Compare summary statistics across scenarios — note how MEAN and SD respond to outliers vs MEDIAN and IQR (which are robust).
Increase n samples. EDA diagnostics become more reliable as n grows. At n = 30, distinguishing skewed from outlier-contaminated is hard; at n = 300 it's easy.

Your data has skewness 2.5 (strongly right-skewed) AND one observation that is 6 SDs above the mean. Should you treat this as one problem (the outlier's contribution to skewness) or two (genuine skew + a separate outlier)? What single plot best disentangles them?
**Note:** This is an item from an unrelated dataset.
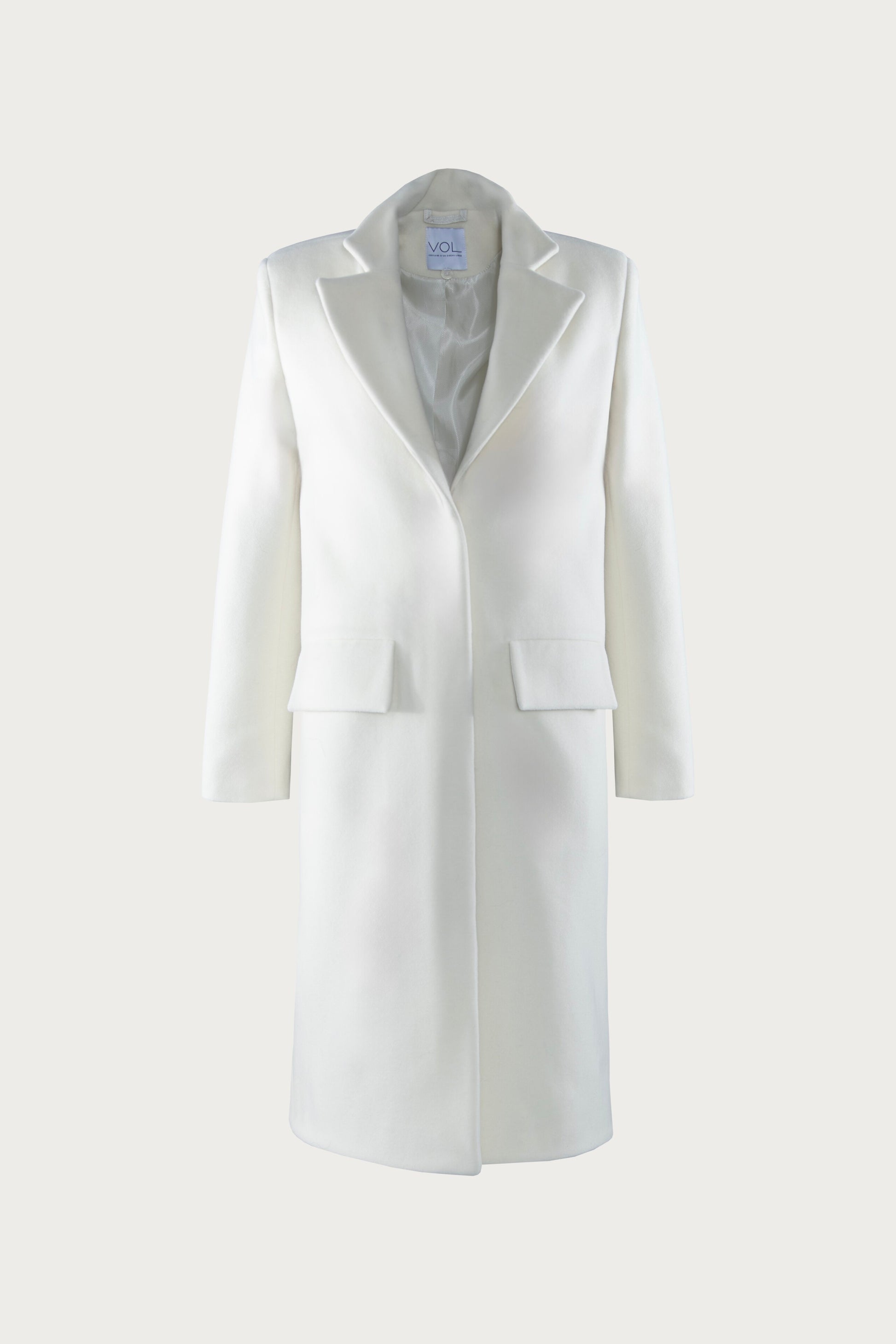 Featuring a sharp straight silhouette, this classic coat is made from cashmere fabric and is cut to a 3/4 length. With a concealed snap closure, it combines versatility with style.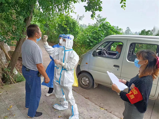9月2日,井研县石泉村第一书记张恒通过前期摸排了解到,村里还有几名成都返乡人员未进行核酸检测,又无法外出,十分为难,他赓即向镇党委汇报协调车辆和核酸检测人员,并带队前往返乡人员家中进行核酸检测。事后,石泉村4组村民崔大爷说:“我们从成都新都区回来,下高速做了核酸,剩下几次还不知晓得咋个做,感谢张书记带医护人员专程到我家(做核酸),太感谢啦!”。

What you now know — and Part 0 closes for both books

EDA is the first step of every spatial analysis. Bubble maps, histograms, Q-Q plots, and moving-window profiles give the four key diagnostics. EDA outcomes lead to direct decisions: log-transform skewed data, detrend trended data, investigate outliers, separate zones. Part 0 of the Geostatistics textbook is now COMPLETE: spatial data fundamentals (§0.1), stationarity (§0.2), support and scale (§0.3), coordinate systems (§0.4), sampling biases (§0.5), and EDA (§0.6). Part 1 builds on these foundations with univariate statistics for geo-data.

References

Tukey, J.W. (1977). Exploratory Data Analysis. Addison-Wesley. (The foundational EDA reference.)
Cleveland, W.S. (1993). Visualizing Data. Hobart Press. (Classic on visualisation principles.)
Isaaks, E.H., Srivastava, R.M. (1989). An Introduction to Applied Geostatistics. Oxford. (Chapter 2 — univariate description of spatial data.)
Tukey, J.W. (1962). "The future of data analysis." Annals of Math. Stat. 33, 1-67. (Coined many of the EDA principles.)
Wilkinson, L. (2005). The Grammar of Graphics, 2nd ed. Springer. (Modern theoretical framework for visualisation.)